For that, he was rebuked inside and outside of his party, with Simon Coveney stressing at the time that Mr Bruton’s views of the Easter Rising “does not represent the views of Fine Gael supporters”.
Many took exception to a former taoiseach making such comments given that he would not have held such an office had it not been for those who took up arms against the British. Historian Jack Lane said it was “mind-boggling to hear an ex-taoiseach condemn the founding fathers of this state of which he was a leader. Can you imagine a US president denouncing George Washington or a French president denouncing the French revolution?”
[ John Bruton: A life in picturesOpens in new window ]
Perhaps the most cogent rebuttal to Mr Bruton’s views came from his Fine Gael predecessor as taoiseach, Garret FitzGerald. FitzGerald’s parents were in the GPO during 1916 and he was adamant that the Rising and War of Independence was not only necessary, but timely.
In 2006 to mark the 90th anniversary of the Rising, FitzGerald confronted head-on the revisionist school of thought led by Bruton, which insists there was an alternative peaceful path to independence.

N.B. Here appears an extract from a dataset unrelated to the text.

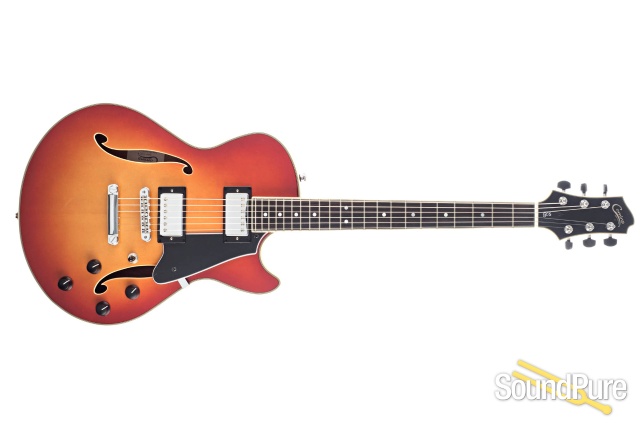 The GCS-1 is a solidly built semi-hollow guitar designed for musicians looking for a well-made practical and roadworthy musical instrument. Inherently versatile, it can produce a myriad of tonalities suitable for blues, rock, country, and jazz playing. It adorns a laminated flame Maple top with a laminated Sapele back, and the sides/internal block structure are routed from a solid wood core. This design yields a balanced and even articulation with enhanced sustain characteristics. Included is a TKL hard-shell case. A version with a U.S. made Bigsby vibrato is also available.
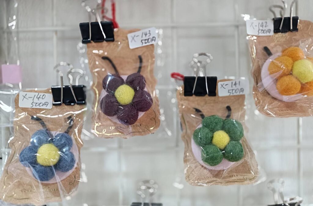 小さな羊毛ボールをつなぎ合わせた、お花のヘアゴムです。

Such a belief, FitzGerald wrote in his The Irish Times column, was “alternative history gone mad. It does not follow that Home Rule would have led peacefully onwards to Irish independence.” He advanced two reasons for this.
“There is little reason to believe that Britain would have permitted Ireland to secure independence peacefully at least until many decades after the second World War.
“Secondly, long before that point could have been reached, the growth of the welfare state within a United Kingdom of which Ireland remained a part would have involved a scale of financial transfers from Britain to Ireland that would have made the whole of our island even more financially dependent upon Britain than Northern Ireland is today.”
Famously, while his successor Bertie Ahern had a photograph of Patrick Pearse in the Taoiseach’s office, Mr Bruton had a photograph of John Redmond, the Irish parliamentary party leader from 1900 to 1918.
Redmond found his life’s achievement of securing Home Rule for Ireland washed away in a sea of blood during the first World War. His championing of the British war effort and condemnation of the Easter Rising reduced him to hated figure in nationalist Ireland, but Mr Bruton was more understanding.
Mr Bruton always maintained that the magnitude of Redmond’s achievement in succeeding where Daniel O’Connell and Charles Stewart Parnell had failed paved the way for the peaceful democratic state that eventually emerged after the Anglo-Irish Treaty.